Would you like to have some debts paid off? Maybe you dream of having finished an art project or a major home improvement project. Perhaps you dream of having a social circle to participate in.
We all have things we’d love to accomplish, things that are a bit more real than a daydream but still far away from reality. I certainly have a long list of those things.
Lately, I’ve been trying a new approach for these types of dreams and I’ve found that it works out really well, at least for me. In fact, I’ve had enough success with it that I feel like sharing it with you.
I call it “The Year-Long Plot.” It’s pretty straightforward. All you do is plot out a detailed plan, week by week, of how you’ll move from where you’re at right now to the goal you want to achieve in one year.

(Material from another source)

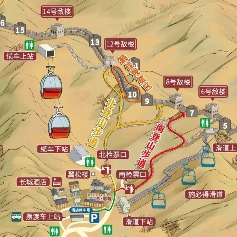 行程特别安排缆车(索道)上下山,不仅节省体力,更提供独特的‘空中观景’视角。上升过程中,长城如巨龙盘踞山脊,层峦叠嶂尽收眼底;下降时则可从容欣赏不同角度的壮美风光。这种‘滑索/索道+缆车观景’的组合,为差旅人士带来动静结合、高低交错的立体化游览体验,远超普通徒步所能及。

Let’s say you want to pay off a $5,000 debt in the next year. The route to get there involves coming up with $100 a week, which will add up to $5,200 over the course of a year.
So, you make that your weekly goal. “This week, I’m going to scrounge together $100 and use it as an extra debt payment at the end of the month.”
How will you do it? All you really have to worry about is that week. If you carry forward with your goal of coming up with that $100 in that week, and you just repeat that goal over and over and over again, you’re going to pay off that big debt in its entirety.
The entire process becomes a simple goal you can achieve in one week.
The focus then becomes how to pull off that week-long goal. Nothing else matters but that week-long goal. Your mission is solely to figure out how to save $100 through your actions this week. You can eat cheap. You can skip some entertainment. You can figure out some longer-term savings so that the $100 is easier to come by in future weeks. It’s all about this week and what you can accomplish during it.
Let’s look at another example. Let’s say you want to write a novel of a length around 200,000 words. If you write 5,000 words a week, you’ll have that first draft done in forty weeks.
So, let’s start with that goal. Your goal, each and every week, is to get 5,000 words down in your first draft. That’s your sole goal. You can spend the first week or two making an outline, and then spend the last several weeks editing and revising that first draft.
You can make very specific and detailed plans, too. Have you dreamed of refinishing your kitchen? Get a home improvement book, learn about the process, and start building a one-year timeline with specific plans for each week (with a few weeks of breathing room, of course). Have you wanted to read some of the great books of literature? Pick out twelve of them and develop a one-year reading plan for them.
The whole goal is to break it down into something you can do this week. When it’s a small goal to achieve in a week, it’s far more achievable than a giant goal that looms too large to ever give it a shot.